WORK REQUEST: At the line containing "Кнопка управления возвратная", begin an exact copy, and continue through the last line of the entries below. Leave out any pictures.

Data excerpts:
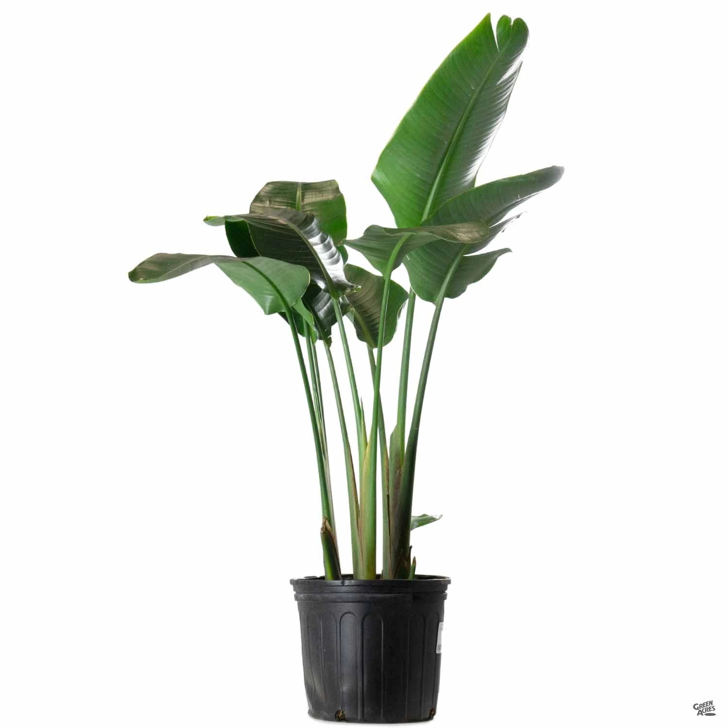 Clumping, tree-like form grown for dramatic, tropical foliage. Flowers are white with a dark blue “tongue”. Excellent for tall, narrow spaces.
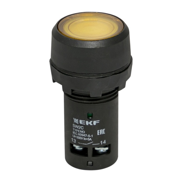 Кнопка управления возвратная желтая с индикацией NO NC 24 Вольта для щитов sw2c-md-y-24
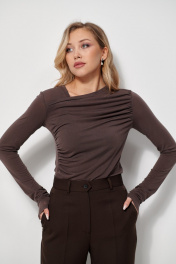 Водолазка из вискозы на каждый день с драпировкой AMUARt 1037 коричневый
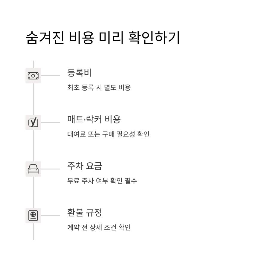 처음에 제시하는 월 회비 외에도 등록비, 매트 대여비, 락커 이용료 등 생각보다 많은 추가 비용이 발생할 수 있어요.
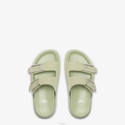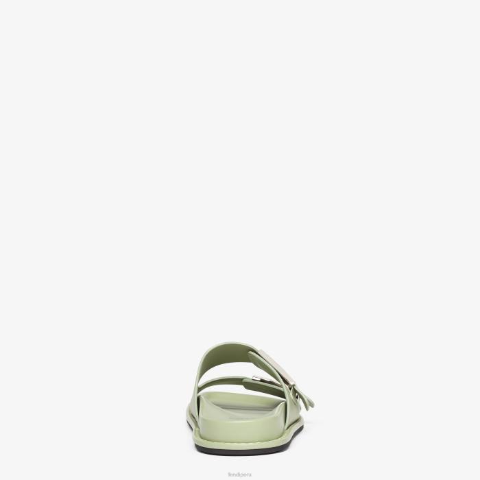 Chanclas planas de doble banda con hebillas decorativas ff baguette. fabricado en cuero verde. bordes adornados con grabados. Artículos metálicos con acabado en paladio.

SOLUTION:
 Кнопка управления возвратная желтая с индикацией NO NC 24 Вольта для щитов sw2c-md-y-24
 Водолазка из вискозы на каждый день с драпировкой AMUARt 1037 коричневый
 처음에 제시하는 월 회비 외에도 등록비, 매트 대여비, 락커 이용료 등 생각보다 많은 추가 비용이 발생할 수 있어요.
 Chanclas planas de doble banda con hebillas decorativas ff baguette. fabricado en cuero verde. bordes adornados con grabados. Artículos metálicos con acabado en paladio.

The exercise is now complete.